● Task directions
Would you retype exactly the lines below, starting with the one that has "Samedi 24 mai, Valérie" and going on through the one that has "2021年3月12日,CCT", with no pictures and nothing else?

[[ Exercise data open ]]

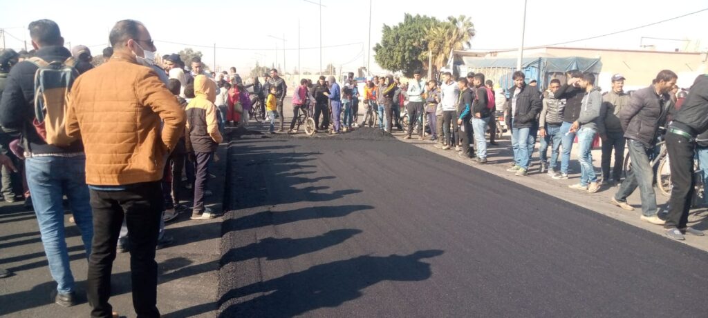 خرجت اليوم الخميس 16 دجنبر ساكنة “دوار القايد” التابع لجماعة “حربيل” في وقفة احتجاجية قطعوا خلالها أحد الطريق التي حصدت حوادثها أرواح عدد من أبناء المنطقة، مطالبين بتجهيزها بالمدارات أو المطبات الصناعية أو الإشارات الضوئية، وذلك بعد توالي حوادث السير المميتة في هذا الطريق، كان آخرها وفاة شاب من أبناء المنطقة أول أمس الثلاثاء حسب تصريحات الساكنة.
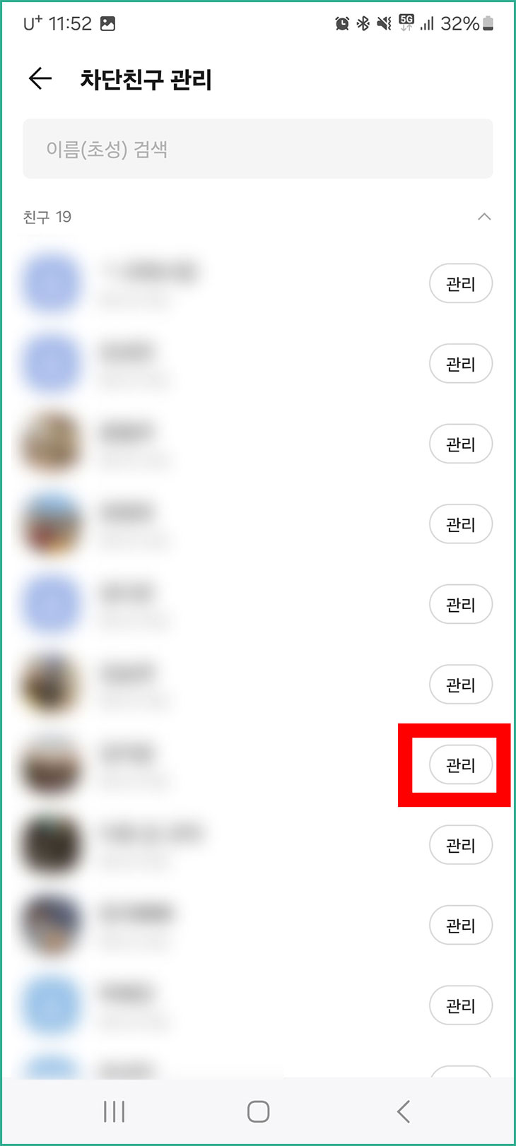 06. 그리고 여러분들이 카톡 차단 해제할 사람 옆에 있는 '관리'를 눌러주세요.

[[ Exercise data closed ]]
[[ Exercise data open ]]

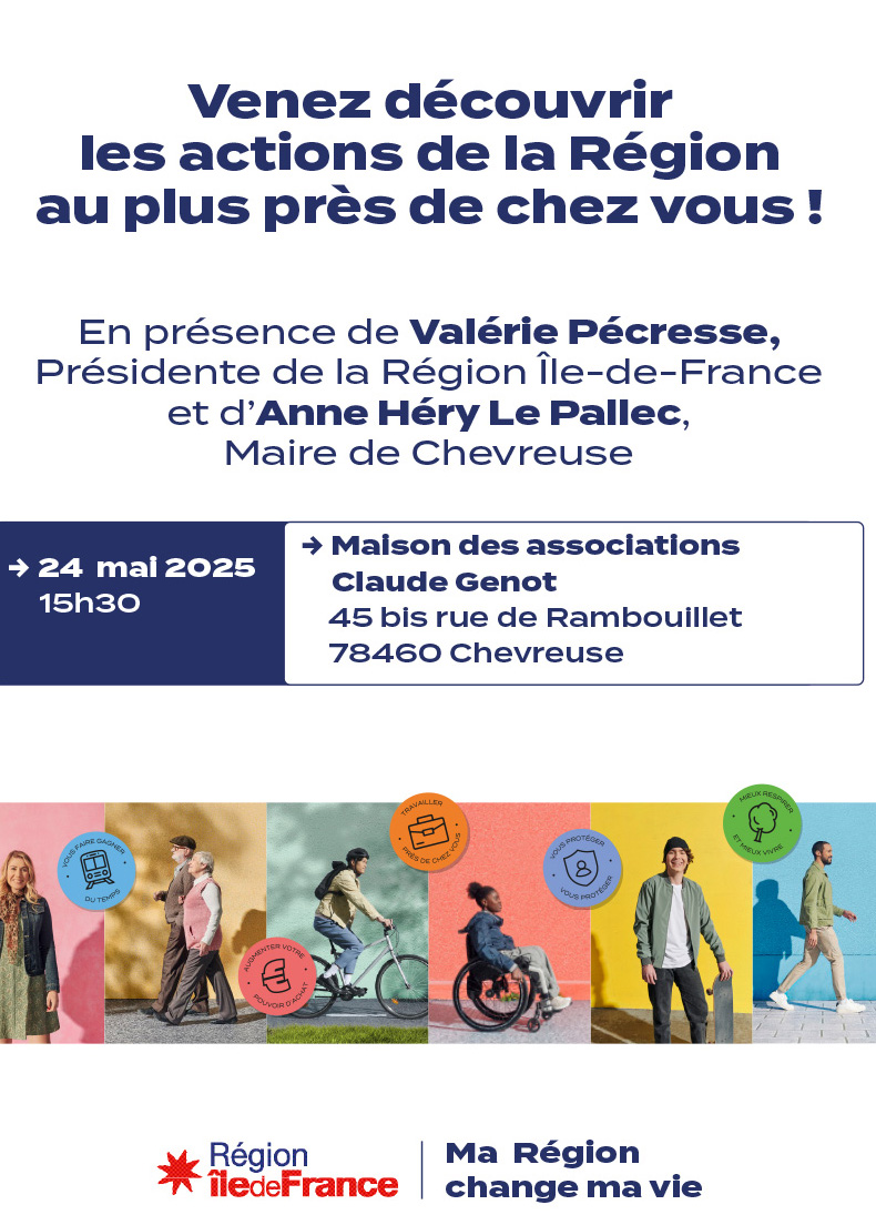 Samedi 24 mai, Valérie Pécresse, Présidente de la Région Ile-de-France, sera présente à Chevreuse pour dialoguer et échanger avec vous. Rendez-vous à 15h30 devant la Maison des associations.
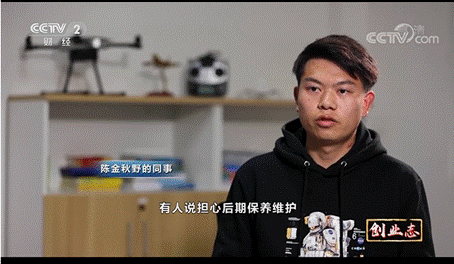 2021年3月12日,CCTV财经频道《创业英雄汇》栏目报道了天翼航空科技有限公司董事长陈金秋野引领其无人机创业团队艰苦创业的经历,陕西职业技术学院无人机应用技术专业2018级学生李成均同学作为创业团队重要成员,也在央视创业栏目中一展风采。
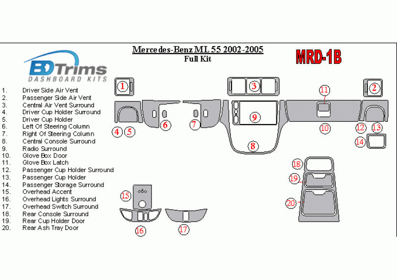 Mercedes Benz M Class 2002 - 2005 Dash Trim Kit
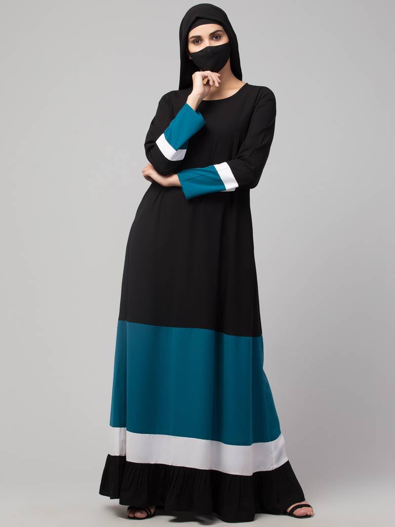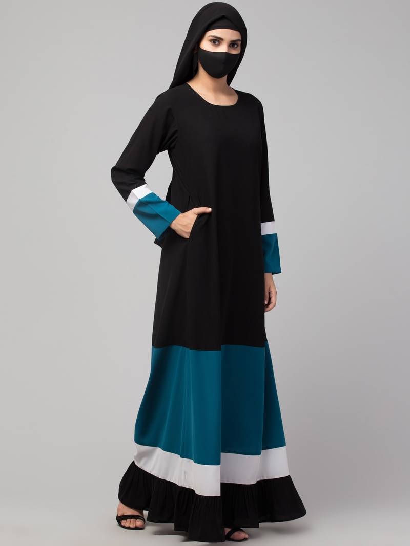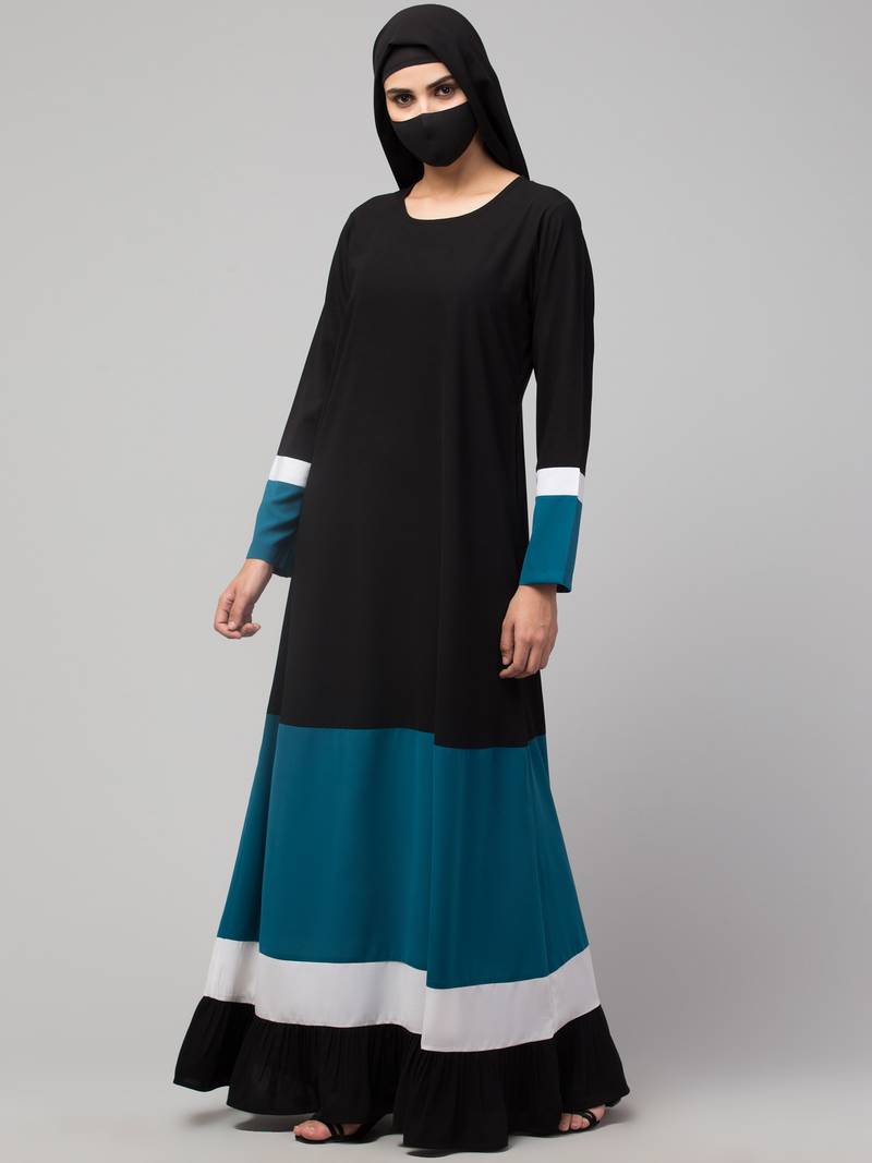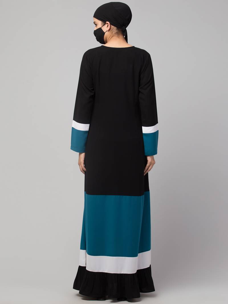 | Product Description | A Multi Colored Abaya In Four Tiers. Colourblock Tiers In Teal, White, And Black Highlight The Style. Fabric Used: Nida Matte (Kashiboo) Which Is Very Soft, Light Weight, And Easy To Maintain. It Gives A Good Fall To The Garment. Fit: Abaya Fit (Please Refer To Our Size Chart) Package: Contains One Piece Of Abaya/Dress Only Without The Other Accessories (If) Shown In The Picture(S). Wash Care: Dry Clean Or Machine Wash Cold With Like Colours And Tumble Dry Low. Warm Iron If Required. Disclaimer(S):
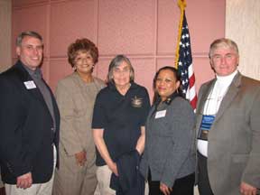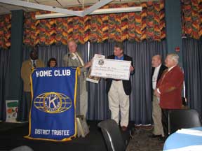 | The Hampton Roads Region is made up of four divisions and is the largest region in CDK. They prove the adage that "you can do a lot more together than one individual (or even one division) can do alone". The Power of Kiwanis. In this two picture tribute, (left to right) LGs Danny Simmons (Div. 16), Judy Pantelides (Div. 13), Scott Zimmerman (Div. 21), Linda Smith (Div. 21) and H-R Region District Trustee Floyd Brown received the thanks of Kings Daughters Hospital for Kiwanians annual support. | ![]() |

[[ Exercise data closed ]]
[[ Exercise data open ]]

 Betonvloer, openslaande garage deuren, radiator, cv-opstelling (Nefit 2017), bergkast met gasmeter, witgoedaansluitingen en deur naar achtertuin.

[[ Exercise data closed ]]

● Result for this exercise
 Samedi 24 mai, Valérie Pécresse, Présidente de la Région Ile-de-France, sera présente à Chevreuse pour dialoguer et échanger avec vous. Rendez-vous à 15h30 devant la Maison des associations.
 2021年3月12日,CCTV财经频道《创业英雄汇》栏目报道了天翼航空科技有限公司董事长陈金秋野引领其无人机创业团队艰苦创业的经历,陕西职业技术学院无人机应用技术专业2018级学生李成均同学作为创业团队重要成员,也在央视创业栏目中一展风采。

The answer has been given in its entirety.